MORE than half of the population of the village came to the
harvest supper laid on by the people of St Peter's, Winterbourne
Stoke, in Salisbury diocese. It is a tiny
Wiltshire village that bestrides one of the worst bottlenecks on
the notorious A303 as it runs past Stonehenge, not far away.
The population is only 200, and 120 of them filled the manor
barn on the Saturday evening for the harvest celebrations and
supper. The centrepiece was a traditional harvest loaf in the form
of a sheaf of wheat that had been baked that afternoon at the home
of one of the churchwardens, Vicky Moorhouse, with the help of the
children who attend the monthly Messy Church service at St
Peter's.
"We had all worked on the harvest loaf," Mrs Moorhouse says
(above). "Each child made a little bread roll by
themselves in the shape of an animal. We had mice, caterpillars, a
butterfly, a bird, and a hedgehog."
The next day they took the loaf to the Harvest Festival in St
Peter's. That, too, was well attended, and 35 adults and 12
children were in church - more than a fifth of the population of
the village.
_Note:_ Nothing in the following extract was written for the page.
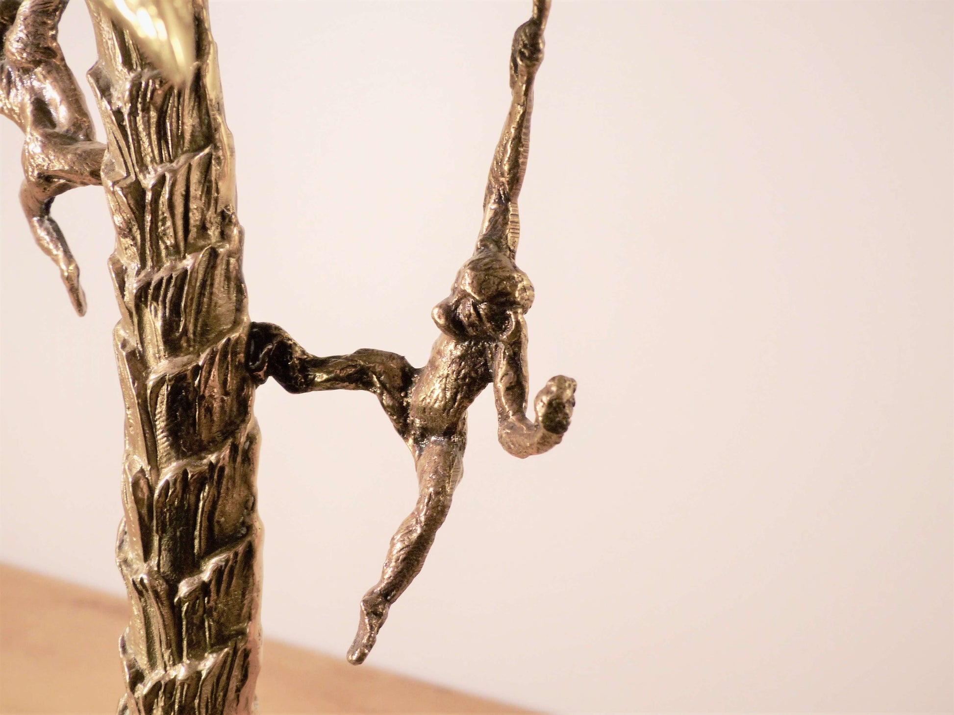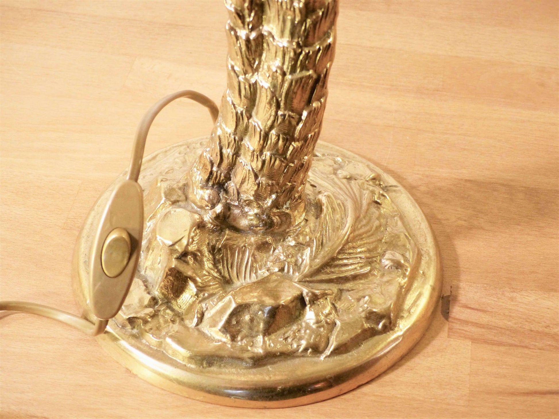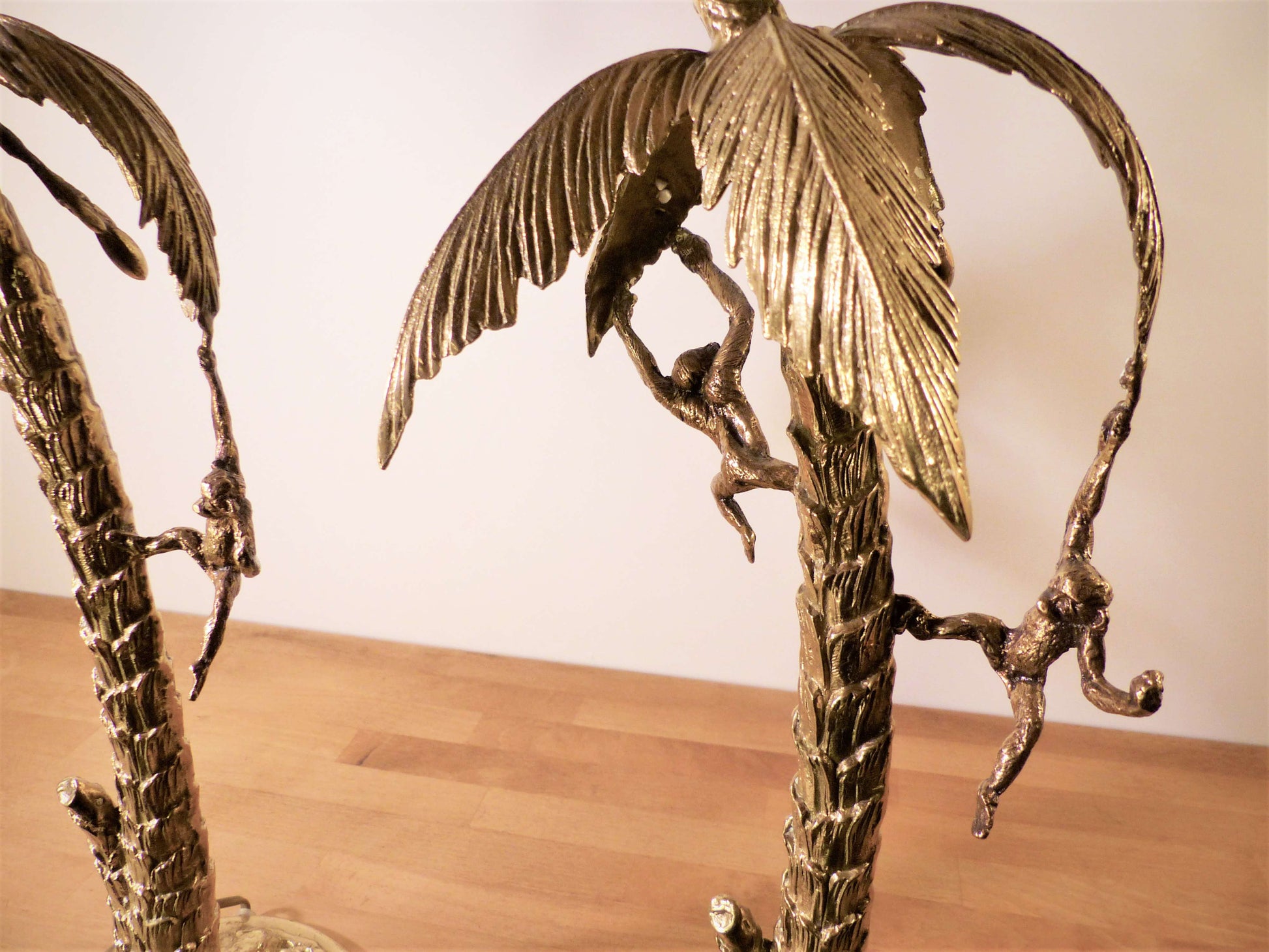 Amusing pair of large table lamps (53 cm overall) in gilded cast iron. Monkeys playing in a palm tree, in pure Hollywood regency style.
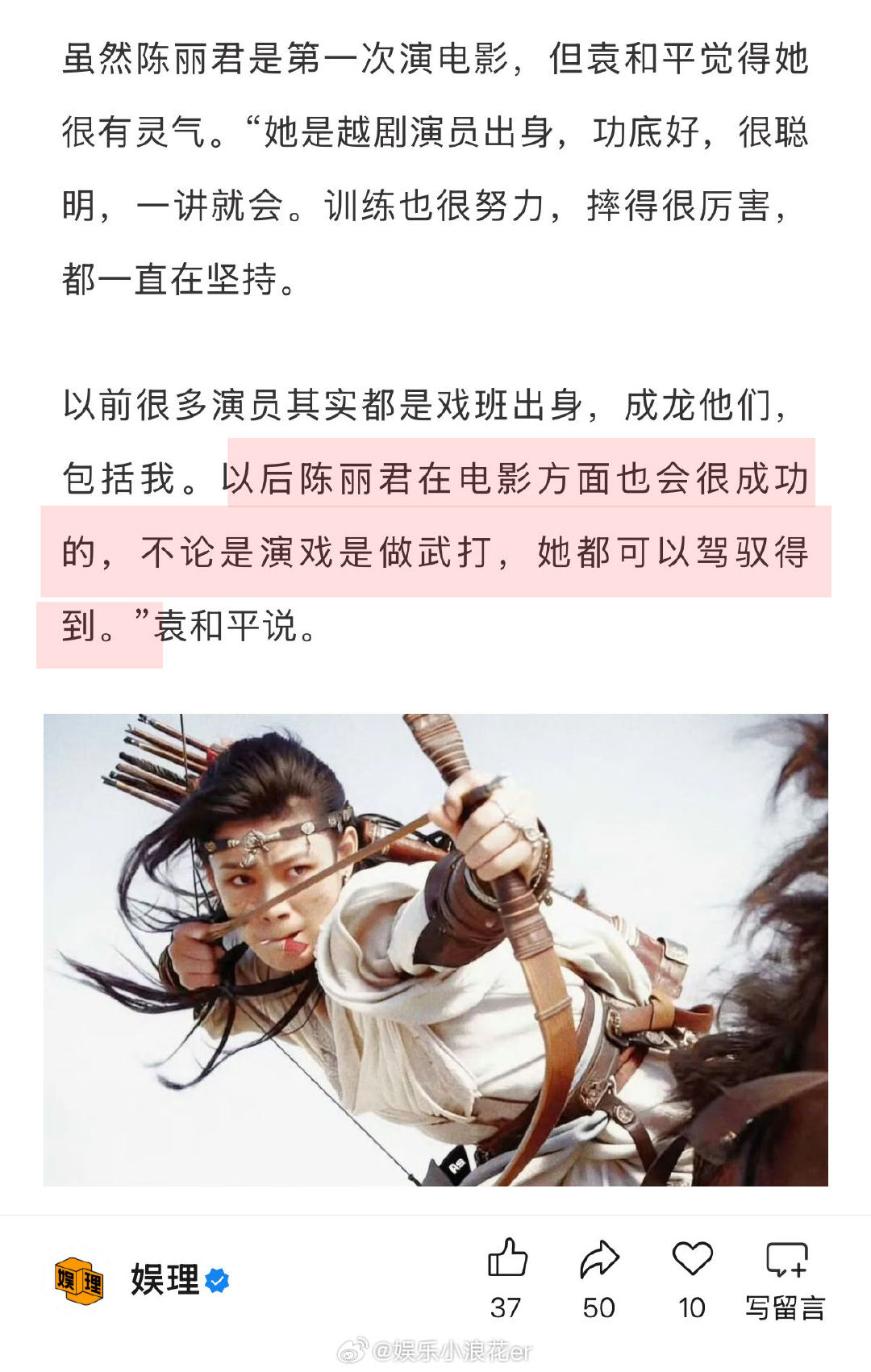 袁和平觉得陈丽君很有灵气 袁和平说镖人续集还可以拍 《镖人》是陈丽君是第一次演电影,但袁和平觉得她很有灵气。“她是越剧演员出身,功底好,很聪明,一讲就会。训练也很努力,摔得很厉害,都一直在坚持。以前很多演员其实都是戏班出身,成龙他们,包括我。以后陈丽君在电影方面也会很成功的,不论是演戏是做武打,她都可以驾驭得到。” 娱理独家↓

The service was conducted by Padre Mark English, a
chaplain who works at the army base near by, and helps out at local
churches on Sundays.
He got the children to hold up the letters H-A-R-V-E-S-T, and
taught them other Christian words using the same letters. They also
remembered the many people in the county who struggle to have
enough to eat in a country of plenty; and the collection taken was
for the Trussell Trust, which organises foodbanks.